| 李北陵
稍上年纪的人,恐怕少有不知道王蒙、刘绍棠、杨沫、马识途、蒋子龙、张贤亮、李存葆、张洁、铁凝的,然而,谁知道,这些闻名全国乃至世界的名作家,当年是怎样被发现被扶持被培养出来的?
北京文坛“四大名编”——龙世辉、章仲锷、崔道怡、张守仁的故事,给出了答案:名著和名作家,有赖名编的“打造”。
名编首先有一双善于发现的眼睛。善于发现,是四大名编的一个共同特点。为了寻找新作,发现新人,上世纪80年代中期,人民文学出版社的编辑章仲锷竟冒着寒冬,先后到山西太原找焦祖尧,到原平县找成一,然后又到榆次找郑义和柯云路。
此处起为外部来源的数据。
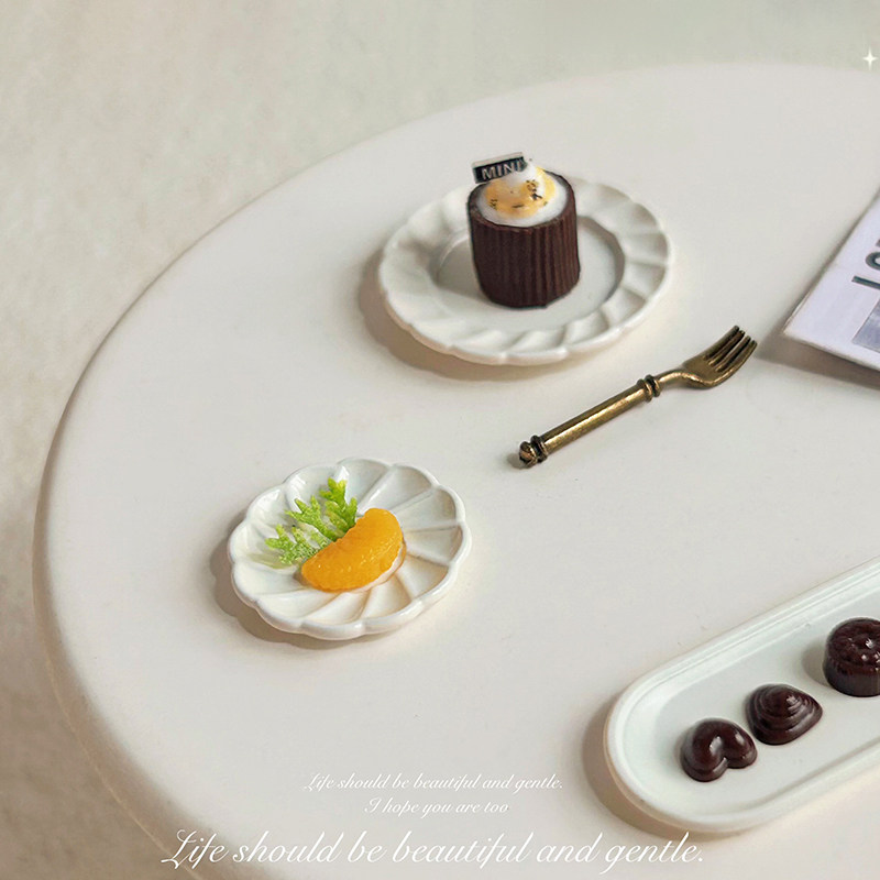 微缩餐碟马卡龙色餐具碟ob11娃娃屋配件迷你花纹碟子摆件模型D592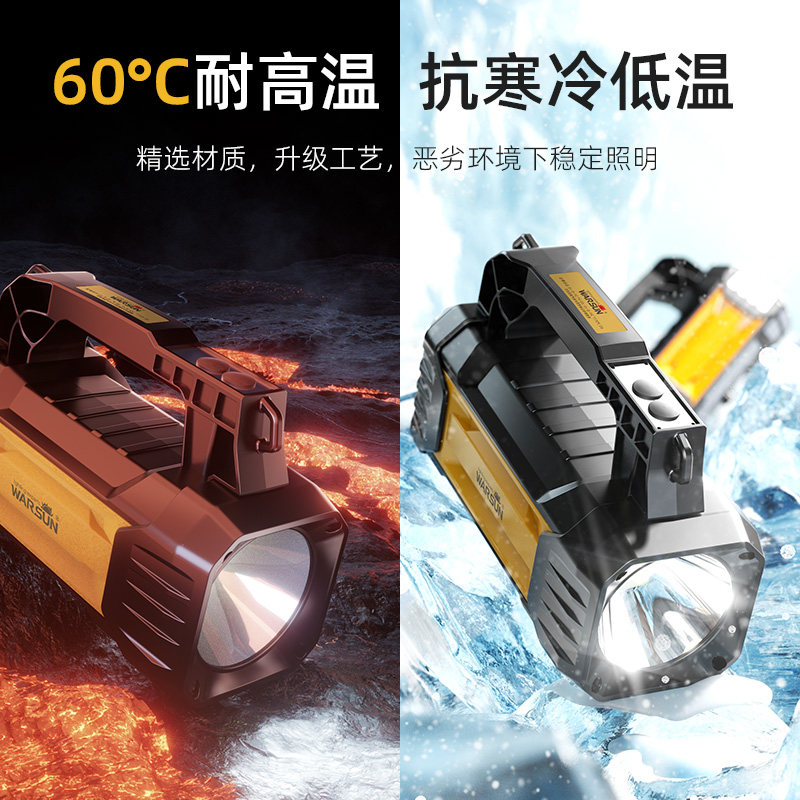 沃尔森d6000手电筒强光充电式户外超亮手提灯多功能家用探照灯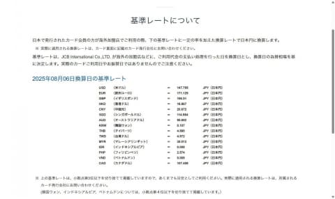 さらに特殊なのがJCBです。海外ではVisaやMastercardほど使える場所が多いわけではないのですが、意外に各社の事務手数料が抑えられています。JCBは国際ブランドとカード発行会社という2つの側面を持ちますが、国際ブランドとしての基準レートは、前述の同タイミングでドルが147.755円、ユーロが171.129円など。少しレートが異なります。

结果发现了几颗文坛新星,在《当代》搞出一个山西作家中篇小说专号,隆重推出了郑义的《老井》、李锐的《红房子》、成一的《云中河》、罗雪珂的《女人的力量》,在文坛引起轰动。《老井》被搬上银幕,获得电影国际大奖。张艺谋也因这部作品获得金鸡奖最佳男主角。
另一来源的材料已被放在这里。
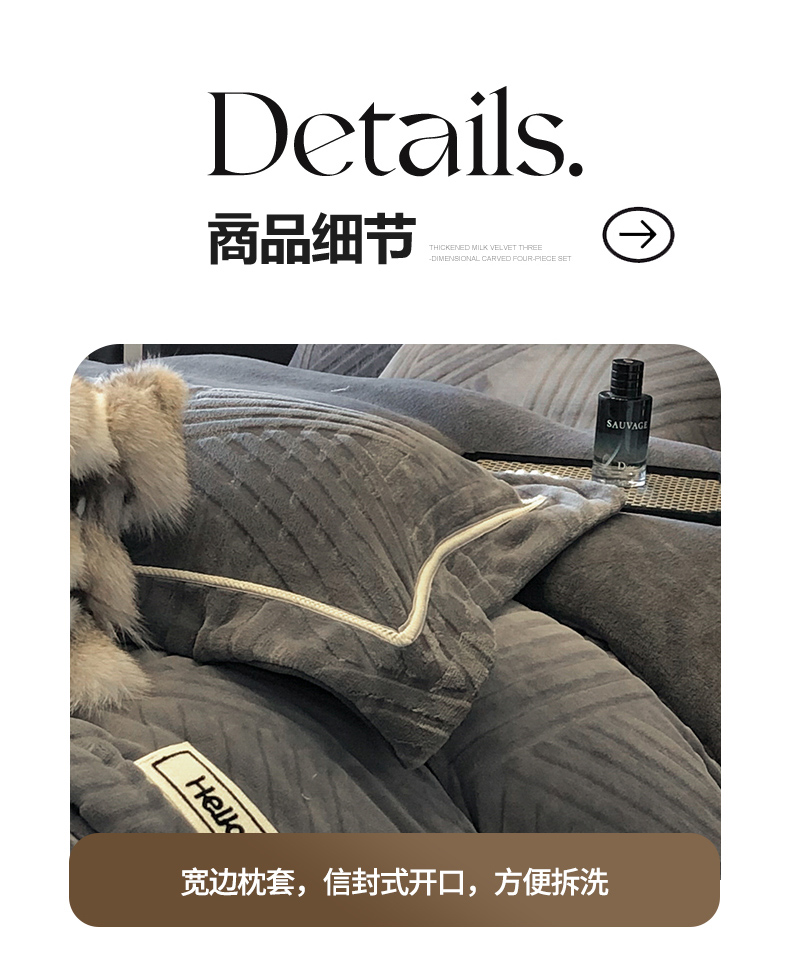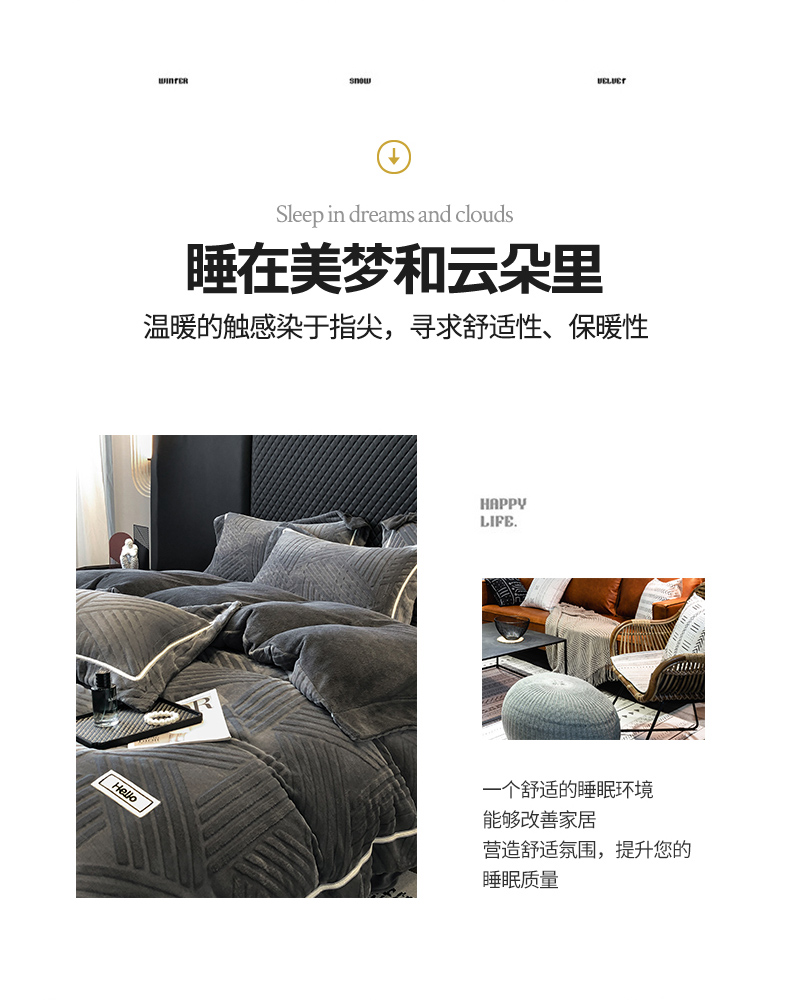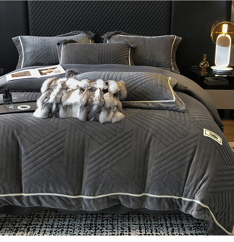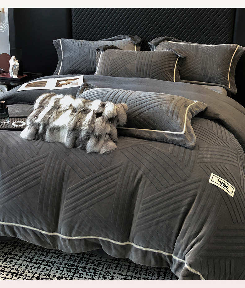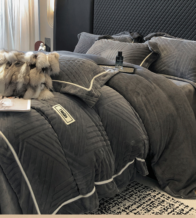 商品名称:首尔家纺 2024新款雕花牛奶绒律动系列四件套 律动-浅灰

名编也有一个不计得失的胸怀。典型莫过于曲波《林海雪原》背后的故事:上世纪50年代中期,人民文学出版社的编辑龙世辉从一大堆来稿中发现曲波的来稿。作品先天不足,可龙世辉没有放弃,认定有改写的基础。于是,热情邀请作者来北京商量改稿。原稿中没有爱情的描写,龙世辉别出心裁进行了新的艺术构思。发现作者不具有将编辑想法转化为优美文字的功底,龙世辉索性亲自动笔修改,呕心沥血地几乎把小说重新改写了一遍。小说出版了,作者一举成名。可“少剑波雪夜萌情心”等章节遭到批判,作者声称这些内容是编辑后加的。龙世辉因此背了个处分。同事都为他打抱不平,可他毫无怨言。编辑殚精竭虑,用自己的才华扶持起了一个又一个作者,自己却一世清贫,甚至背负罪名。
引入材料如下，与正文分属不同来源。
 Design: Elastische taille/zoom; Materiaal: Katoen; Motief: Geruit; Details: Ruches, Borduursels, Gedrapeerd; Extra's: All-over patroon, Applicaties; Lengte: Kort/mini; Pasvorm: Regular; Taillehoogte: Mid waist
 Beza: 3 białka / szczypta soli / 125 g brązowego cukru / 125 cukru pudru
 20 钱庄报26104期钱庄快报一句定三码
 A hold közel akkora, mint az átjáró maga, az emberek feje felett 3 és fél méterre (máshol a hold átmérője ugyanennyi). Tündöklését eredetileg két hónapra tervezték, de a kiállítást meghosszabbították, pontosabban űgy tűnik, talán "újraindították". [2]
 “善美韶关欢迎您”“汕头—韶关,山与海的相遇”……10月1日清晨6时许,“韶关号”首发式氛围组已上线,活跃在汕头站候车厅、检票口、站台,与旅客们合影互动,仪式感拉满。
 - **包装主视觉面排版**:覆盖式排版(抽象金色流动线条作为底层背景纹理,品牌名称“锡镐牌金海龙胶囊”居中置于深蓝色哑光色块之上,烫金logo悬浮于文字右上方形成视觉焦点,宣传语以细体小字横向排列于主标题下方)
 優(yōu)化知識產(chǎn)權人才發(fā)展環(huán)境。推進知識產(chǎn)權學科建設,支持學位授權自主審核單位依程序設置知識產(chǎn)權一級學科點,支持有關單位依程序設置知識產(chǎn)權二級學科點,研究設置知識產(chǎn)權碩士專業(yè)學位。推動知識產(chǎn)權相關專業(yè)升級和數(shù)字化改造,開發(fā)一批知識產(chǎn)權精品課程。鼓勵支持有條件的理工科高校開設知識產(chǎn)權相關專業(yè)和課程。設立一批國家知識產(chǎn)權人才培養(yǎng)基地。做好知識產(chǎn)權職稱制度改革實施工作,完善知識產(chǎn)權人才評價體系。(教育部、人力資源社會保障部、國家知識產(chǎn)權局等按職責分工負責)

名编还有一颗甘作“嫁衣”的良心。60年代初期,一封来自内蒙古的来稿信引起了《人民文学》编辑崔道怡的兴趣,作者叫玛拉沁夫,小说的生活气息浓郁,但艺术却欠火候,崔道怡给作者写了一封信谈了自己的意见,希望他能修改。玛拉沁夫却回复说:“崔编辑,我实在不知道应该怎么修改,我在呼和浩特熟人太多,根本静不下心来。干脆咱俩躲到包头,您指导我改好吗?”崔道怡二话没说,从北京跑到包头,和玛拉沁夫住进宾馆一个套间,玛拉沁夫住在里屋,崔道怡住在外屋。有崔道怡在身边,玛拉沁夫觉得有了主心骨。他写一段,崔道怡看一段,提一段意见,两人边讨论边研究如何改写。玛拉沁夫的小说《腾格里日出》,终于发表。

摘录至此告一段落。